More than 11,000 visitors have arrived in Tasmania since its border restrictions were dropped, according to official figures.
The news will come as a welcome relief to Hobart Airport, which saw inbound passengers slump to just 780 in April.
Australian Aviation previously reported how Qantas and Jetstar will restart 84 weekly return services between Tasmania and Melbourne when the border opens.
The announcement, which amounts to more than 12,000 weekly seats, will also allow Qantas to reopen its Club Lounge in Hobart and Regional Lounges in Devonport and Launceston from 2 December.

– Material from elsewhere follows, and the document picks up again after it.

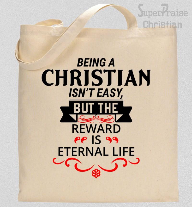 Christian Tote Bag Being A Christian isn't Easy, But The reward is Eternal Life
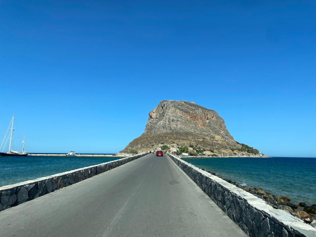 MONEMVASIA – lepo staro mesto na otočku. Parkirali smo sicer tik za mostom, vendar smo prijazno dobili listek, da je za avtodome parkirišče malo ven iz mesta, na pomolu, 36.6823 23.0385. Tam smo tudi prespali.

From later this month, Jetstar will resume flights between Melbourne and Launceston with 19 weekly services, and increase frequencies between Melbourne and Hobart with 26 weekly services, up from just five in October.
Qantas, meanwhile, will resume flights on three routes, with 14 weekly services between Melbourne and Launceston, 13 between Melbourne and Hobart, and 12 between Melbourne and Devonport.
It follows Virgin also bringing forward the reintroduction of four-times-weekly services between Melbourne-Hobart and Melbourne-Launceston.
The services will commence on 27 November and move to operate daily from 14 December.
The airline also said it would reintroduce twice weekly services between Brisbane-Launceston from 23 November and increase these up to daily services throughout the peak Christmas and summer holiday period.
Australian Aviation also previously reported how flights between Tasmania and New Zealand would restart in January for the first time since 1996.
Prime Minister Scott Morrison announced the deal that will include 130 direct flights from Hobart each year, with three departing per week in warmer months, and two in winter.
It comes shortly after the government also announced plans to allow the state to introduce hotel quarantine and start accepting Australians stranded abroad.
“This has been an incredibly tough year for Australians, and particularly our tourism and hospitality sectors, but the deal will mean tourists from low-risk areas can come to sample Tasmania’s incredible experiences, sights and produce,” PM Morrison said.
The plan to restart travel between the two countries will reportedly cost the federal government $50 million, while state governments will contribute $10 million for structural upgrades. They will mark the first regular flights since 1996, when Air New Zealand pulled the route due to its viability.